Некоторое время после окончания этой истории том Булгакова действительно вышел. Отличное издание в красивом переплете. Мастер и Маргарита полностью, без купюр, даже сцену в торгсине оставили. И все-таки за это издание мы, неблагодарные, уважаемому спасибо не скажем. Нам, читателям и почитателям Булгакова, это издание не досталось. Разумеется, я имею в виду не себя лично. Уступив уважаемому квартиру, на один экземпляр я мог бы, вероятно, рассчитывать. Не для нас была издана книга, для заграницы, где и без того есть совсем неплохие издания проклинаемого постоянно «Посева». Туда ушло двадцать шесть тысяч из тридцати общего тиража. А в Союзе писателей распределили, говорят, пятнадцать экземпляров среди членов секретариата (почему-то они охотятся не за книгами друг друга, а за Булгаковым, которого в свое время сжили со свету). И у нашего уважаемого, не сомневаюсь, Булгаков на полке стоит. Не как любимый писатель, а как престижная вещь, которая доступна не каждому.
А вот еще упрек с прогрессивных позиций. Работник Гослитиздата Борис Грибанов, встретив Владимира Корнилова, стал сетовать, что он всегда уважал Войновича как писателя и порядочного человека, а теперь он очень огорчен и разочарован, узнав, что Войнович, оказывается, пишет доносы.

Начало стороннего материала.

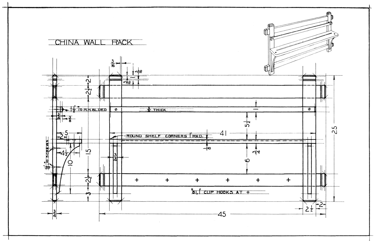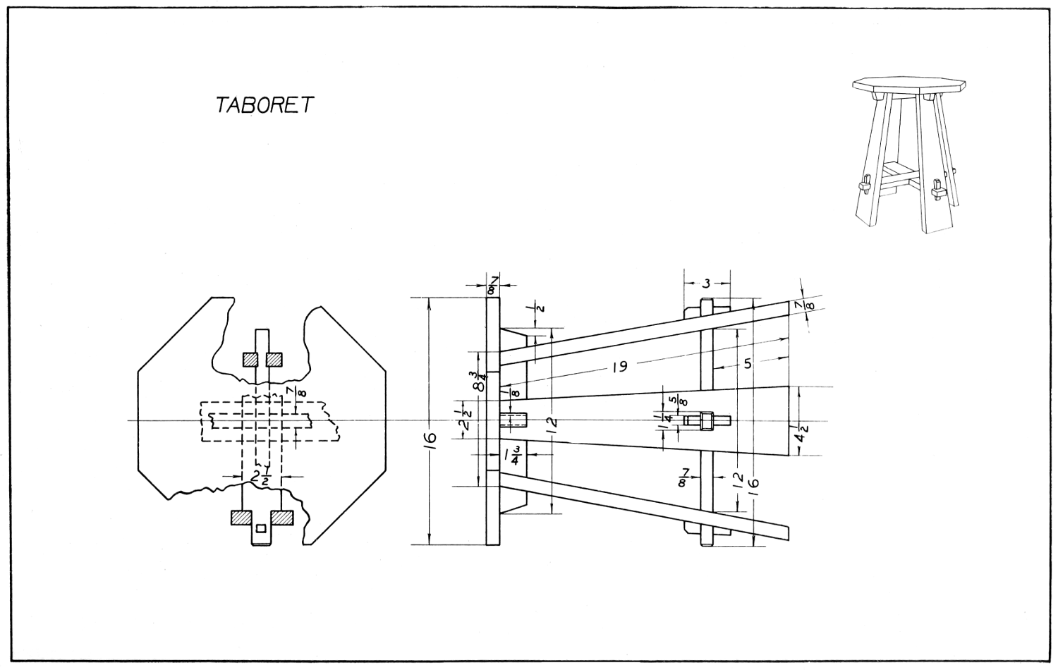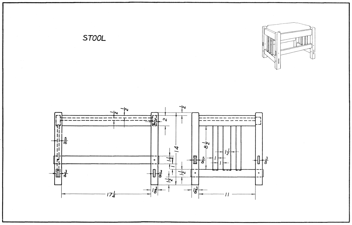 For the convenience of the teachers, the drawings used in “Projects for Beginning Woodwork and Mechanical Drawing” and “Advance Projects in Woodwork” are printed in this book. The notes and working directions, however, are not included. The inking of the drawings and the making of the perspectives in both of these books is the work of Mr. George Gordon Kellar.
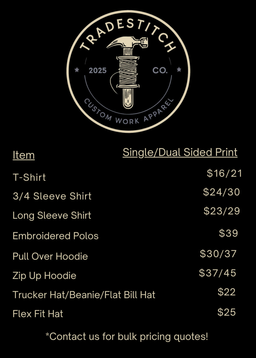 Here at TradeStitch Co., our family is dedicated to printing bold, durable branding on the gear hardworking crews rely on. Our mission is to deliver tough, reliable custom prints that reflect the pride, grit, and identity of the teams who wear them. Family-owned. Quality-driven. Built to stand out on the job.
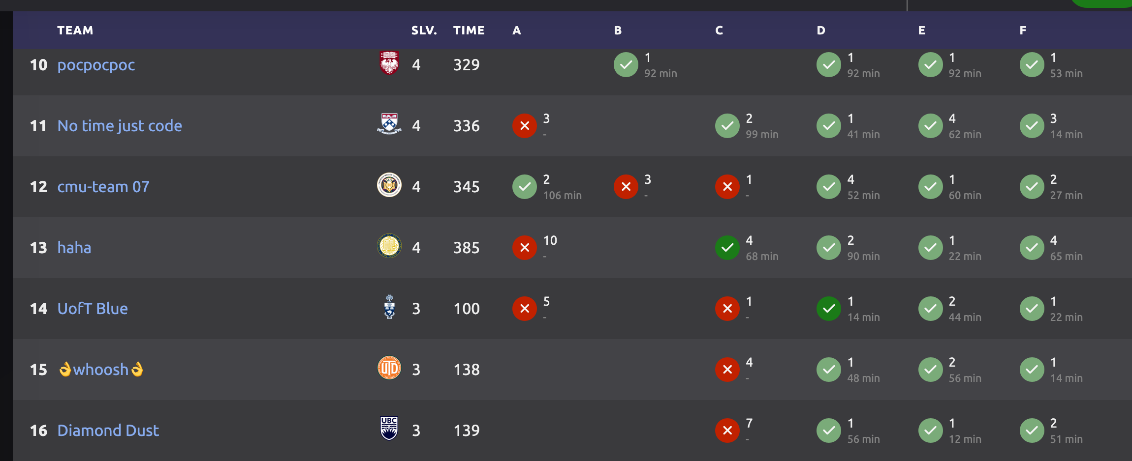 Thankfully I regained composure by solving A, and then quickly fixing F. Then, Alex managed to quickly fix M. In the span of 15 minutes we went from a very poor placement to 9th before the scoreboard freeze.
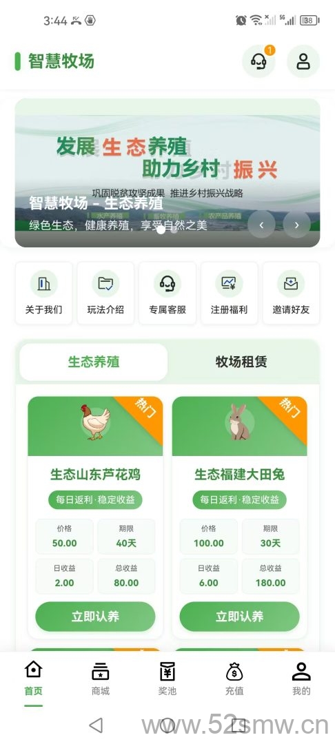 智慧牧场打开后直接进入首页,注册成功即送价值888元的原生态产品,激活账户后系统每天自动发放约20元收益,累计1元即可点击提现按钮,金额秒转入绑定的支付宝,整个过程免费且无节假日限制。
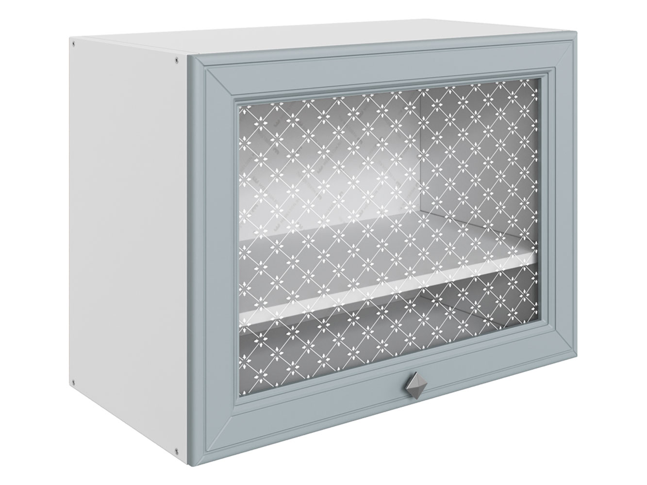 Навесной шкаф Мишель украсит интерьер и станет практичным дополнением кухонного гарнитура. Откидная дверца фиксируется в открытом состоянии, поэтому достать содержимое не составит труда. Прозрачное стекло украшено стильным узором.
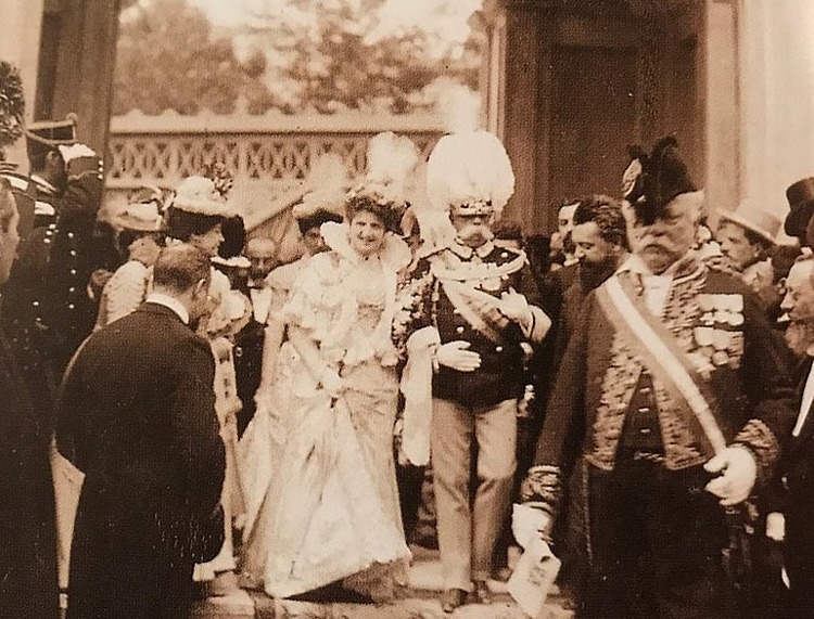 King Umberto I of Italy and Queen Margherita at the inauguration ceremony of the Triennale di belle Arti of Milan, 1894.
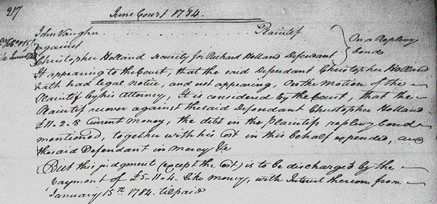 Richard Holland’s debts continued to chase him beyond his death. John Vaughan, whose case against him was abated by his death, brought suit against Richard Holland’s son Christopher Holland who was security for the debt. Christopher Holland failed to appear at the June 1784 Court session and the plaintiff was awarded £11.2.8 and his costs, which amounted to £95 lbs of tobacco. The Court further ordered that the judgement (except the costs) could be discharged by paying £5.11.4 with interest from 15 January 1784 until paid.[31] Mentioned is a replevy [replevin] bond, which was a court-assisted repossession of property and was an alternative to a detinue action in that the plaintiff could take possession of property prior to trial of the suit. A detinue action was to recover property unlawfully kept by a defendant rather than the act of taking property. This was often used by creditors to recover property pledged by a debtor but not delivered.[32]
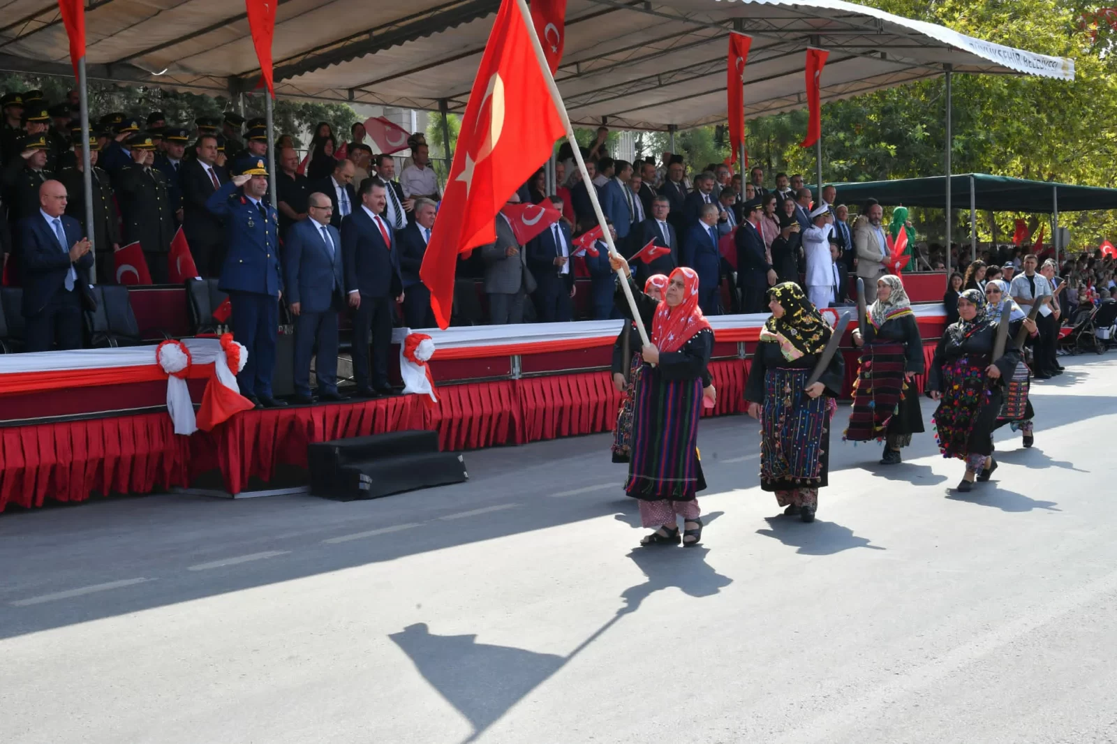 Kurtuluşun 101 inci yılında Kuvâ-yi Milliye ateşinin hiç sönmeyeceğini bir kez daha gösteren kutlama programının son bölümünde gerçekleşen Geçit Töreni, protokol ve vatandaşlar tarafından ilgiyle izlendi. Vatandaşların bayraklar ve alkışlarla eşlik ettiği geçitte gaziler, izci ve sporcu öğrenciler, kamu kurum ve kuruluşlarının hizmet araçları ile askeri araçlar yer aldı. Ayrıca Kurtuluş Savaşının zor günlerinde düşmanı korkutarak kaçırdıkları rivayetiyle bilinen geleneksel Tülütabakların geçidi coşkuya farklı bir renk kattı.
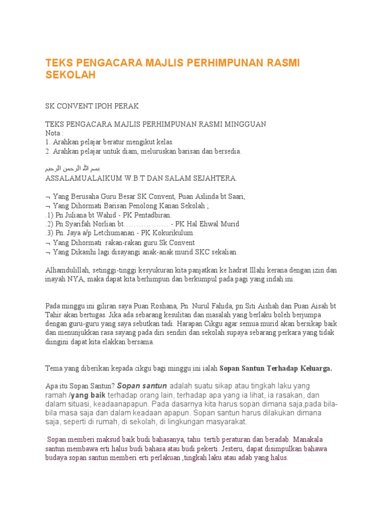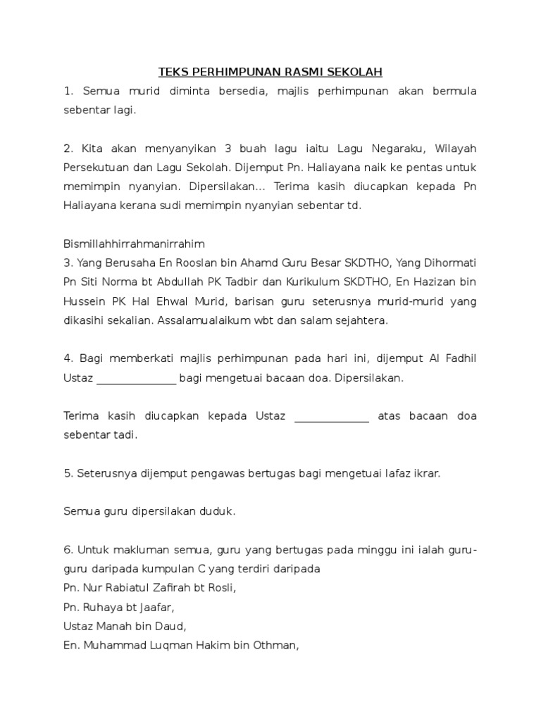 Teks Perhimpunan Rasmi Sekolah Pdf
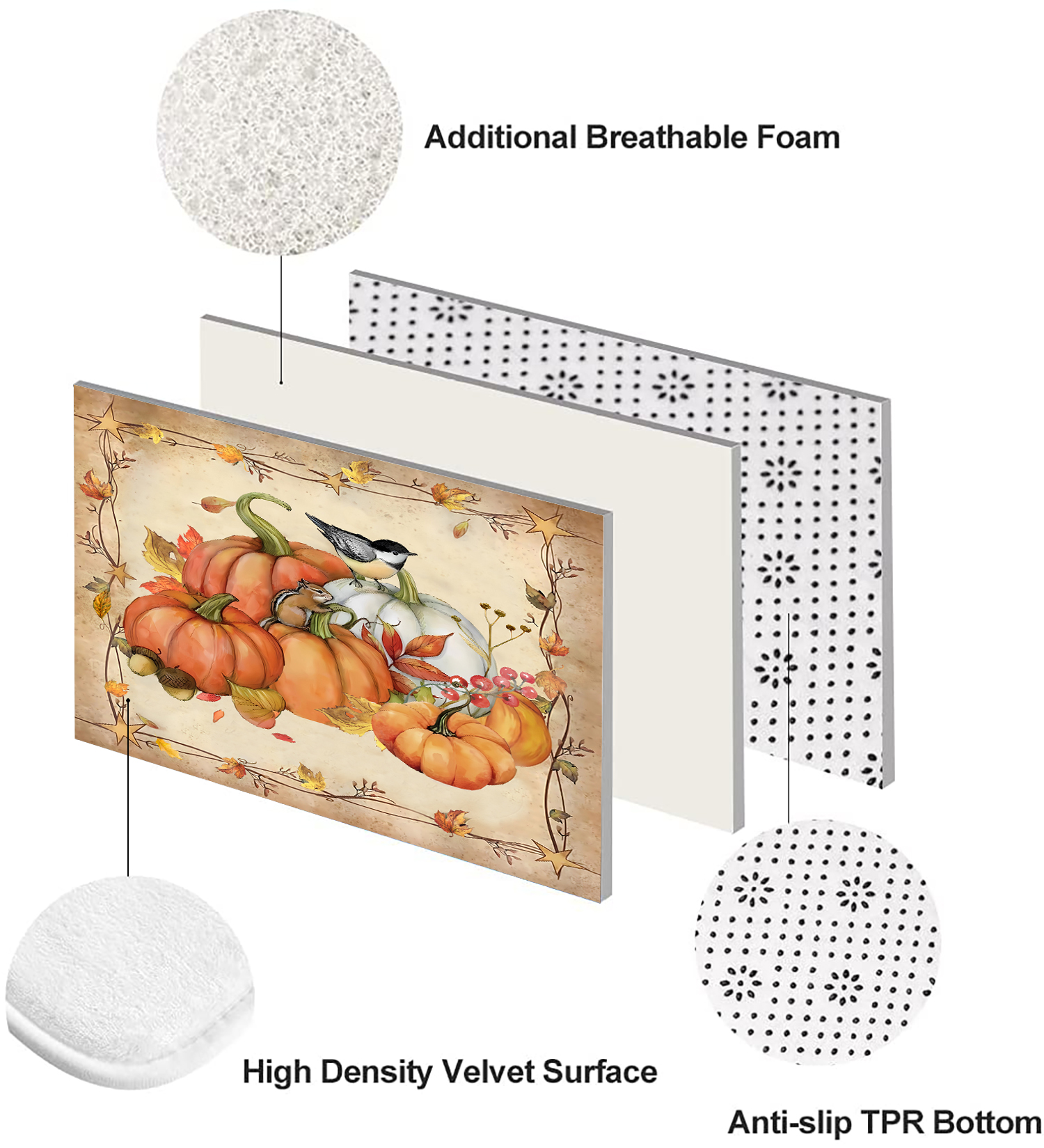 Thanksgiving shower curtain set,decorate the festive atmosphere and make you feel good and relaxed. The four-piece set can dress up your bathroom into a whole style, make the bathroom style more unified and harmonious.

– Доносы? – удивился Корнилов. – Кому и на кого?
– Ну как же, вот написал Стукалину на Иванько.
– А что же ему оставалось делать?
На это Грибанов ничего не ответил, но сказал, что квартиру Войнович все равно не получит.
– Получит, – сказал Корнилов.
Заключив пари на бутылку коньяку, собеседники разошлись.
В интересах сюжета объяснение мотивов, руководивших Грибановым, надо бы отнести в конец нашего рассказа. Но скажу сразу: Грибанов морализировал тоже отнюдь не бескорыстно. Год спустя при содействии Иванько он отправился в Соединенные Штаты директором советской книжной выставки. И еще до меня дошел слух о том, что Иванько в КГБ считается либералом и чуть ли не борется со сторонниками жесткого курса.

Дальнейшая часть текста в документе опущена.